SAF-A is conserved throughout vertebrates and has emerged as an important factor regulating a multitude of nuclear functions, including lncRNA localization, gene expression, and splicing. SAF-A has several functional domains, including an N-terminal SAP domain that binds directly to DNA. Phosphorylation of SAP domain serines S14 and S26 are important for SAF-A localization and function during mitosis, however whether these serines are involved in interphase functions of SAF-A is not known. In this study we tested for the role of the SAP domain, and SAP domain serines S14 and S26 in X chromosome inactivation, protein dynamics, gene expression, splicing, and cell proliferation. Here we show that the SAP domain serines S14 and S26 are required to maintain XIST RNA localization and polycomb-dependent histone modifications on the inactive X chromosome in female cells. In addition, we present evidence that an Xi localization signal resides in the SAP domain. We found that that the SAP domain is not required to maintain gene expression and plays only a minor role in mRNA splicing. In contrast, the SAF-A SAP domain, in particular serines S14 and S26, are required for normal protein dynamics, and to maintain normal cell proliferation. We propose a model whereby dynamic phosphorylation of SAF-A serines S14 and S26 mediates rapid turnover of SAF-A interactions with DNA during interphase. To understand how SAF-A contributes to gene expression, mRNA splicing, and X chromosome inactivation we established a Auxin Inducible Degron cell line for SAF-A in RPE-1 cells. We then rescued SAF-A depletion using inducible point mutants on the SAP domain. We then performed total RNA-seq from WT and mutant cell lines at various time points after SAF-A depletion or allele replacement. We analyzed bulk differential gene expression, mRNA splicing, and allele-specific expression changes.

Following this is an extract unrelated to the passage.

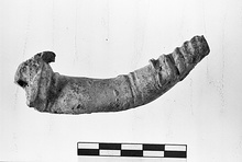 | Description: | A large cornucopia with a band of leaves near the bottom. The back flattened. Traces of pink and yellow over white. Buff clay, reddish at break. | |

SAF-A在整个脊椎动物中均保守，并已被证实是调控多种核功能的重要因子，包括长链非编码RNA（lncRNA）定位、基因表达及mRNA剪接过程。SAF-A拥有多个功能结构域，其中包括一个可直接结合DNA的N端SAP结构域（SAP domain）。SAP结构域内丝氨酸S14与S26的磷酸化，对于有丝分裂过程中SAF-A的定位与功能至关重要，但目前尚不明确这些丝氨酸是否参与SAF-A的细胞间期功能。本研究探究了SAP结构域，以及SAP结构域丝氨酸S14和S26在X染色体失活、蛋白质动态调控、基因表达、剪接及细胞增殖中的作用。本研究结果显示，SAP结构域丝氨酸S14与S26是维持雌性细胞中XIST RNA（X染色体失活特异性RNA）定位，以及失活X染色体（Xi）上多梳蛋白依赖型组蛋白修饰所必需的。此外，本研究提供的证据表明，失活X染色体的定位信号存在于SAP结构域中。我们发现，SAP结构域并非维持基因表达所必需，且仅在mRNA剪接过程中发挥微弱作用。与之相反，SAF-A的SAP结构域，尤其是丝氨酸S14与S26，对于维持正常的蛋白质动态及正常细胞增殖是必需的。我们提出了一个模型：SAF-A丝氨酸S14与S26的动态磷酸化，介导了细胞间期内SAF-A与DNA相互作用的快速周转。为阐明SAF-A如何参与基因表达、mRNA剪接及X染色体失活，我们在RPE-1细胞中构建了SAF-A的生长素诱导型降解细胞系（Auxin Inducible Degron）。随后，我们通过SAP结构域上的诱导型点突变体挽救了SAF-A的敲除缺陷。之后，我们在SAF-A敲除或等位基因替换后的不同时间点，从野生型（WT）和突变体细胞系中提取总RNA并开展总RNA测序（total RNA-seq）。我们分析了整体差异基因表达、mRNA剪接及等位基因特异性表达的变化。